【書評】『地下出版のメディア史 エロ・グロ、珍書屋、教養主義』/大尾侑子・著/慶應義塾大学出版会/4950円
【評者】大塚英志(まんが原作者)
梅原北明と聞けば、ぼくより上の世代はにやりとするだろうが、本書は八九年生まれの著者によって書かれ、その学術的意義や研究書としての細部への目配りには別の誰かが評価すればいいが、近頃、気になるのはこの研究のことを言うわけでないが、かつての「在野」で自明のことであった人や領域や事象がアカデミズムにあたかも新しいことのように「発見」される傾向だ。そして、それがあたかも従来の硬直したアカデミズムの更新に寄与するようにしばしば語られる。
ぼくの世代の印象であれば、梅原北明やカストリ雑誌は、総会屋雑誌あたりで屈折しまくった左派だか右派だかわけのわからない人々が熱心に論じていた対象で、その上に得体の知れない「在野の」などと穏当に形容のしようのない怪物じみた蒐集家がいて、さらにその先に本当にそれらの雑誌を「愛好」する人がいて、ぼくの師である千葉徳爾などはその「愛好」のスレスレ一歩手前の感があった人だ。民俗学の学部講義で、切腹マニアの手記を持ち出され滔々と分析されてもなあ、と思った記憶がある。
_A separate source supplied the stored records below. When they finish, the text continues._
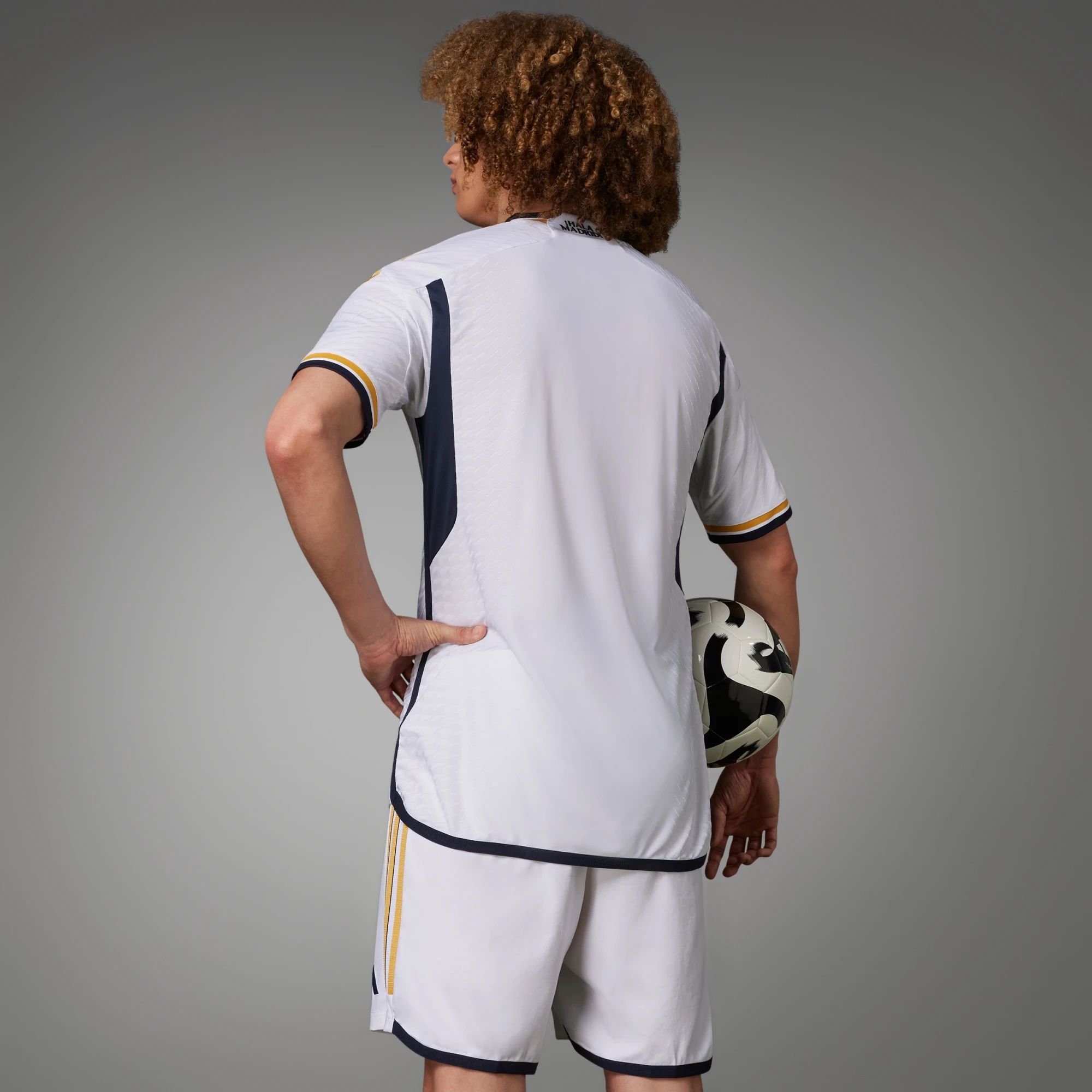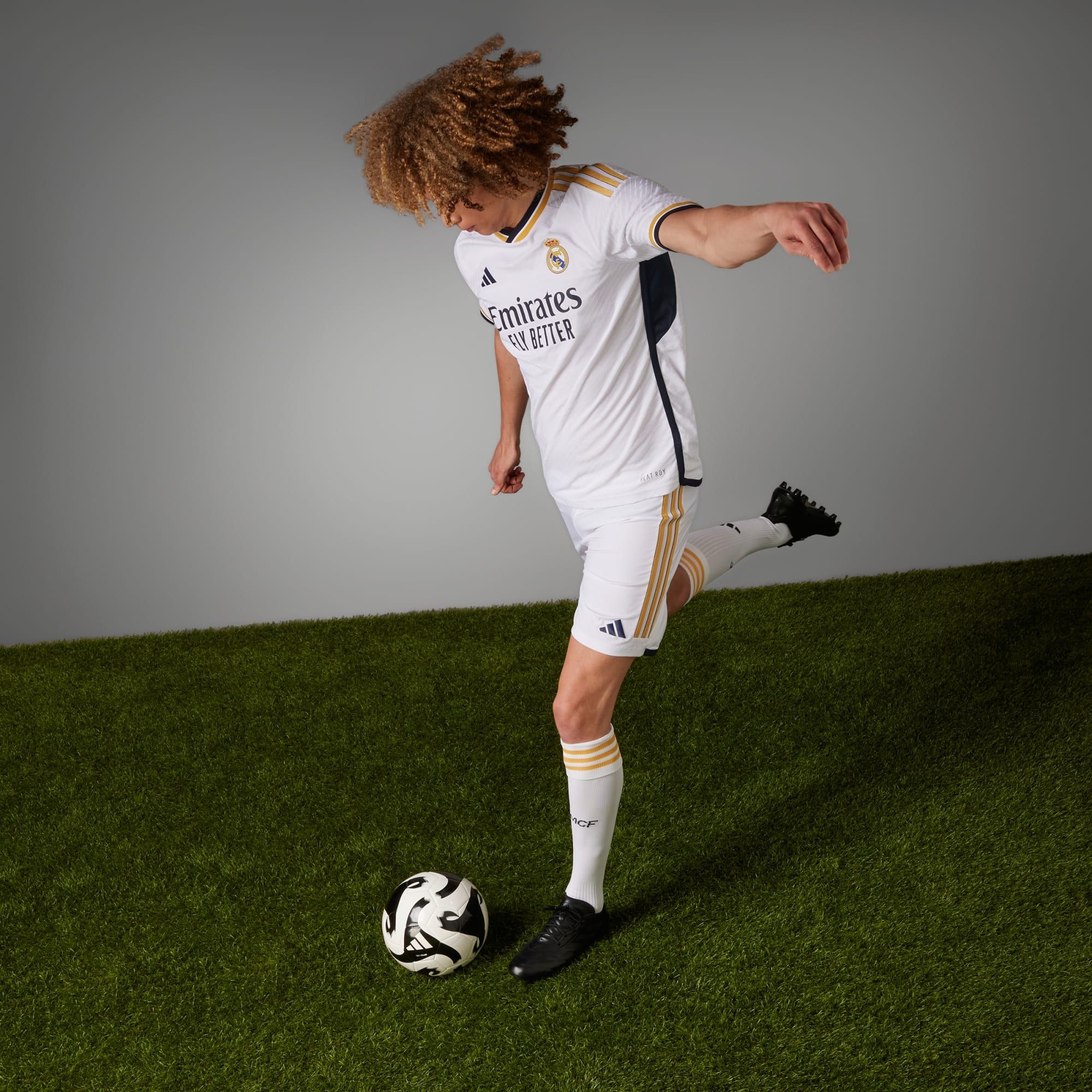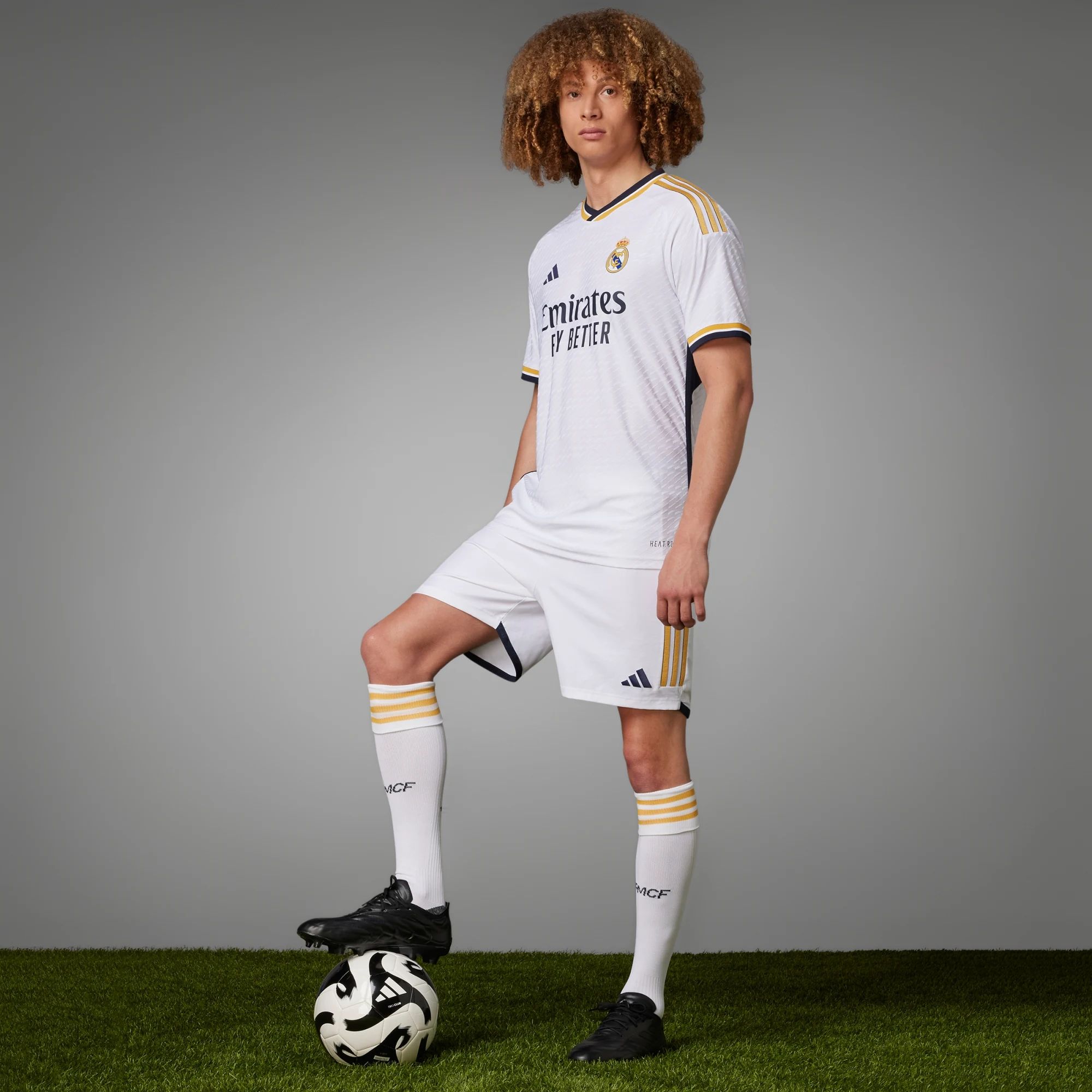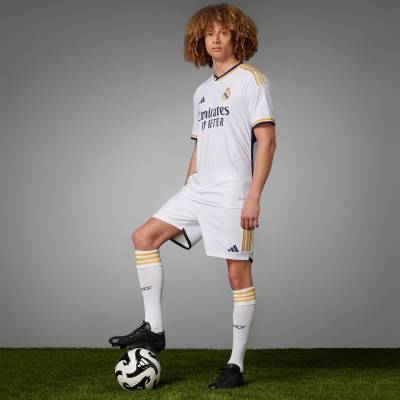 With a nod to older kits, the iconic white jersey is enhanced by gold adidas stripes on the shoulders, while navy blue and gold accents adorn the v-neck and sleeves.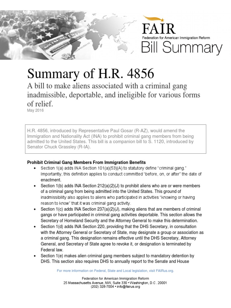 H.R. 4856, introduced by Representative Paul Gosar (R-AZ), would amend the Immigration and Nationality Act (INA) to prohibit criminal gang members from being admitted to the United States. This bill is a companion bill to S. 1120, introduced by Senator Chuck Grassley (R-IA).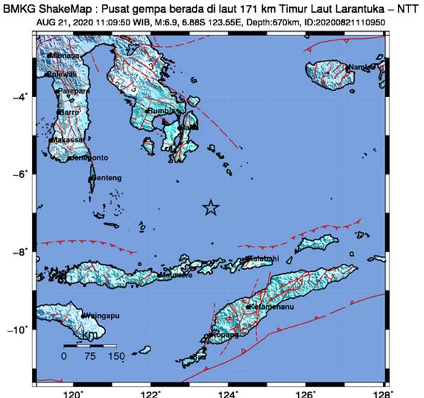 Badan Meteorologi Klimatologi dan Geofisika (BMKG) merilis parameter gempa bumi pada Jumat (21/8), pukul 11.09 WIB di wilayah Laut Banda. Gempa tektonik dengan magnitudo M6,9 berlokasi di laut pada jarak 165 km tenggara Buton, Selatan Sulawesi Tenggara pada kedalaman 586 km. BMKG menginformasikan berdasarkan hasil pemodelan menunjukkan bahwa gempa bumi ini tidak berpotensi tsunami.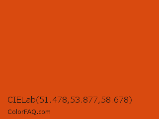CIELab 51.478,53.877,58.678 Color is a normal orange color and the nearest color is Grenadier #d54600. Hex code #d94a0f and RGB value is rgb(217,74,15). In RGB color space, this color is composed of 85% red, 29% green, 6% blue, In CMYK color space, this color is composed of 0% cyan, 66% magenta, 93% yellow , 15% black , In HSL color space, this color has a hue angle of 18° , 87% saturation and 45% lightness.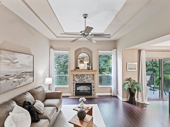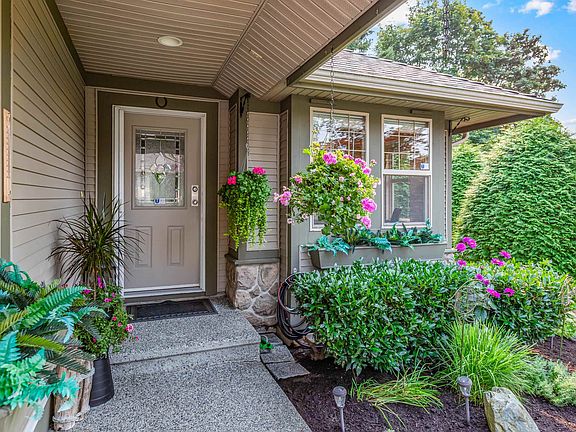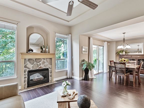 Welcome to Woodridge, one of the area's most sought-after communities! This duplex-styled 2 storey w/ a fully finished bsmt. offers 4 spacious bdrms. & 4 bthrms. And a layout designed for comfort & flexibility. Soaring ceilings in entry area & gas f/p in lvgrm. with sliders out to deck overlooking greenery &Kanaka Creek. Main floor primary suite or fam rm. Oversized upstairs primary suite with 2 W.I. closets with a spa-styled ensuite. Finished bsmt. with high ceilings, rec rm, 2 large bdrms, plus an office space & walk-out to covered patio from rec.room. Double garage PLUS xtra prkg. spot on d/way. This home combines the feel of a detached residence w/ ease of t/h living. Peaceful, private, & perfectly located- Woodridge is where lifestyle meets convenience.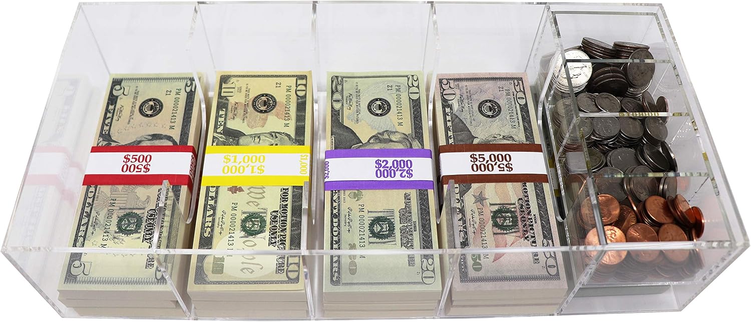 Acrylic Money Tray with Coin Tray Insert, 5 Compartment Clear Cash Organizer Currency Money Storage Box, 300 Money Wrappers Included

しかし、その千葉の師・柳田國男の名著『山の人生』には、平然と「変態心理」などという文字が躍るのだから千葉にすれば当然なのだ。別に世代的なマウントをとるつもりもないが、実は著者が「地下」「裏通り」とする領域と学問は実はもっと近くにあって、深く交わってきたように僕などには思える。
その間に著者の上の世代が線を引き、そしてわざわざもう一度「越境」しなくてはならない環境が作られ、それも難儀だと同情もするが、そこで両者が渾然としていた世界のあり方は回復されるのかといえば、表と裏、アカデミックとそうでないものを所与としそれをたかだか「越境」することで何か人文知が更新される、という直近の上の世代の与える学術的世界像そのものが、実は、あなたが見るべきものを見えなくしていないか、と疑う必要もあるのでは。一般論として。